Entries taken from a collection

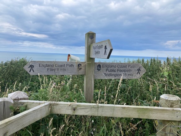 We have reached Bempton Cliffs, which unbeknown to us is the site of one of the UK’s top wildlife spectacles. All along the cliff top viewing galleries have been built and there are quite a few people about, some shouldering cameras with impressive zoom lenses. I later find out there is a visitor centre a short distance inland with road access.
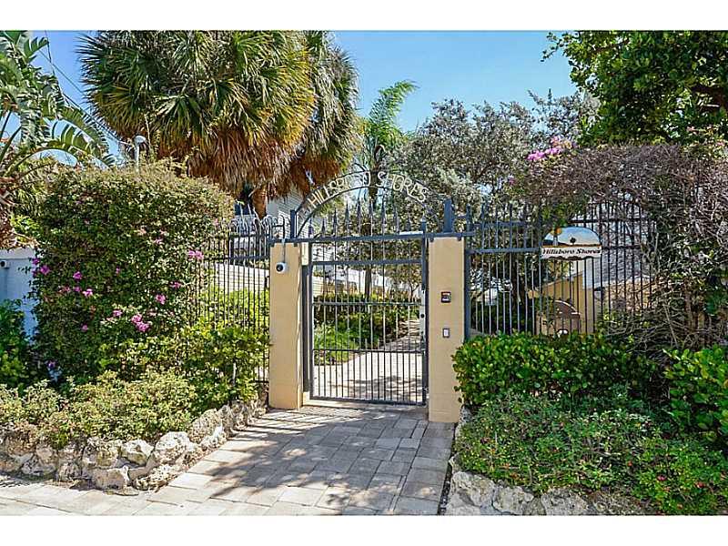 PRIVATE GATED BEACH ACCESS IN EXCLUSIVE HILLSBORO SHORES. UPDATED 3/3 HIGHLIGHTED BY SPACIOUS ENTRY OPENING ONTO LIVING AREA WITH WOOD BURNING FIREPLACE AND CORAL ROCK FEATURE WALL, EUROPEAN DESIGNED NOLTE KITCHEN WITH ROSEWOOD AND WHITE CABINETRY, HIGH-E ND STAINLESS APPLIANCES, BRAZILIAN BLUE PALLADIO GRANITE, OPEN CONCEPT DINING AND FAMILY ROOM, IMPACT WINDOWS AND CONTEMPORARY INTERIOR FANS. SCREENED POOL AND PRIVATE BEACH ACCESS MAKE THIS HOME A COMPLETE TREASURE. COME ENJOY THE SALT LIFE.
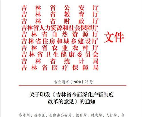據(jù)吉林省公安廳官方微信號(hào)“吉林戶政”25日消息,吉林省公安廳會(huì)同吉林省教育廳、吉林省人社廳等部門出臺(tái)《吉林省全面深化戶籍制度改革的意見》(下稱《意見》)提出,全面取消城市租房落戶對(duì)繳納社保年限限制,非戶籍人口只要在居住地城區(qū)或建制鎮(zhèn)有合法穩(wěn)定住所(含租房居住)即可申請(qǐng)落戶。
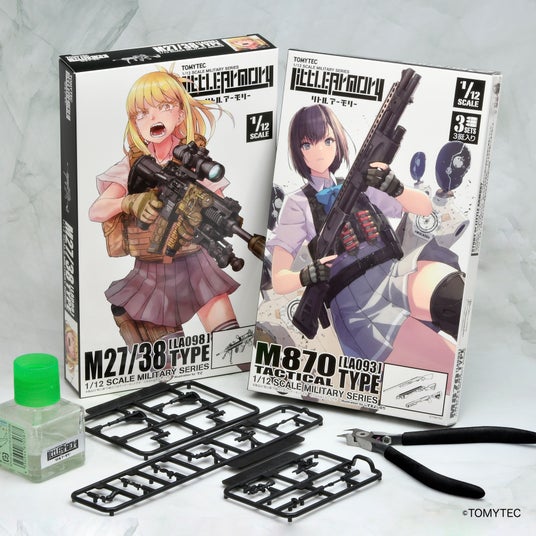 リアルな銃火器を精密に再現するプラモデル『リトルアーモリー』。2014年の発売以来、200種を超える製品を展開し、多彩なイラストレーター陣が描く「リアルミリタリー×女子高生」のパッケージアートが魅力のシリーズです。そのビジュアルは模型の枠を越えてキャラクターとして息づき、ノベル・コミック・グッズなど、幅広いメディアへと広がり、ついに舞台化されることが発表されると、瞬く間に話題となりました!
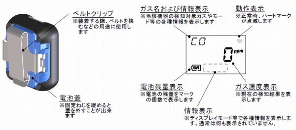| ■特長 ・繰り返し使用できる充電池仕様 ・キズや汚れ、衝撃から本体を守るプロテクトカバーが標準付属 ・作業時に邪魔にならない小型、軽量デザイン ・危険場所でも使用可能な本質安全防爆構造 ■用途 ・作業員ひとりひとりの周囲の安全確認に ・ガスメーターの点検、工事の際の一酸化炭素中毒事故防止 ■使用例 ■各部の名称と働き ■外観、表示部 ■仕様
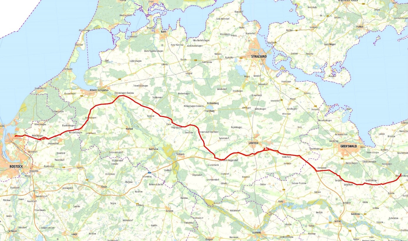 Die GASCADE Gastransport GmbH (GASCADE) plant eine neue Wasserstoff-Pipeline, die künftig den Bereich des Rostocker Hafens mit dem Raum Wrangelsburg verbinden soll. Die Pipeline HYROW ist Teil des deutschen Wasserstoff-Kernnetzes und soll bis 2028 fertiggestellt werden. Mecklenburg-Vorpommern nimmt eine zentrale Rolle im Wasserstoff-Hochlauf ein: Mit der Anbindung des Hafens in Rostock entsteht ein wichtiger Knotenpunkt für die künftige Versorgung und Verteilung von Wasserstoff in Nordostdeutschland und darüber hinaus. HYROW wird von der GASCADE als Teil des Infrastruktur-Programms „Flow – making hydrogen happen“ umgesetzt, mit dem der Aufbau einer leistungsfähigen Wasserstoff-Versorgung in Deutschland vorangetrieben wird.

» Task statement
Could you restate every record above word for word, dropping the pictures?

» Solution
 We have reached Bempton Cliffs, which unbeknown to us is the site of one of the UK’s top wildlife spectacles. All along the cliff top viewing galleries have been built and there are quite a few people about, some shouldering cameras with impressive zoom lenses. I later find out there is a visitor centre a short distance inland with road access.
 PRIVATE GATED BEACH ACCESS IN EXCLUSIVE HILLSBORO SHORES. UPDATED 3/3 HIGHLIGHTED BY SPACIOUS ENTRY OPENING ONTO LIVING AREA WITH WOOD BURNING FIREPLACE AND CORAL ROCK FEATURE WALL, EUROPEAN DESIGNED NOLTE KITCHEN WITH ROSEWOOD AND WHITE CABINETRY, HIGH-E ND STAINLESS APPLIANCES, BRAZILIAN BLUE PALLADIO GRANITE, OPEN CONCEPT DINING AND FAMILY ROOM, IMPACT WINDOWS AND CONTEMPORARY INTERIOR FANS. SCREENED POOL AND PRIVATE BEACH ACCESS MAKE THIS HOME A COMPLETE TREASURE. COME ENJOY THE SALT LIFE.
據(jù)吉林省公安廳官方微信號(hào)“吉林戶政”25日消息,吉林省公安廳會(huì)同吉林省教育廳、吉林省人社廳等部門出臺(tái)《吉林省全面深化戶籍制度改革的意見》(下稱《意見》)提出,全面取消城市租房落戶對(duì)繳納社保年限限制,非戶籍人口只要在居住地城區(qū)或建制鎮(zhèn)有合法穩(wěn)定住所(含租房居住)即可申請(qǐng)落戶。
 リアルな銃火器を精密に再現するプラモデル『リトルアーモリー』。2014年の発売以来、200種を超える製品を展開し、多彩なイラストレーター陣が描く「リアルミリタリー×女子高生」のパッケージアートが魅力のシリーズです。そのビジュアルは模型の枠を越えてキャラクターとして息づき、ノベル・コミック・グッズなど、幅広いメディアへと広がり、ついに舞台化されることが発表されると、瞬く間に話題となりました!
| ■特長 ・繰り返し使用できる充電池仕様 ・キズや汚れ、衝撃から本体を守るプロテクトカバーが標準付属 ・作業時に邪魔にならない小型、軽量デザイン ・危険場所でも使用可能な本質安全防爆構造 ■用途 ・作業員ひとりひとりの周囲の安全確認に ・ガスメーターの点検、工事の際の一酸化炭素中毒事故防止 ■使用例 ■各部の名称と働き ■外観、表示部 ■仕様
 Die GASCADE Gastransport GmbH (GASCADE) plant eine neue Wasserstoff-Pipeline, die künftig den Bereich des Rostocker Hafens mit dem Raum Wrangelsburg verbinden soll. Die Pipeline HYROW ist Teil des deutschen Wasserstoff-Kernnetzes und soll bis 2028 fertiggestellt werden. Mecklenburg-Vorpommern nimmt eine zentrale Rolle im Wasserstoff-Hochlauf ein: Mit der Anbindung des Hafens in Rostock entsteht ein wichtiger Knotenpunkt für die künftige Versorgung und Verteilung von Wasserstoff in Nordostdeutschland und darüber hinaus. HYROW wird von der GASCADE als Teil des Infrastruktur-Programms „Flow – making hydrogen happen“ umgesetzt, mit dem der Aufbau einer leistungsfähigen Wasserstoff-Versorgung in Deutschland vorangetrieben wird.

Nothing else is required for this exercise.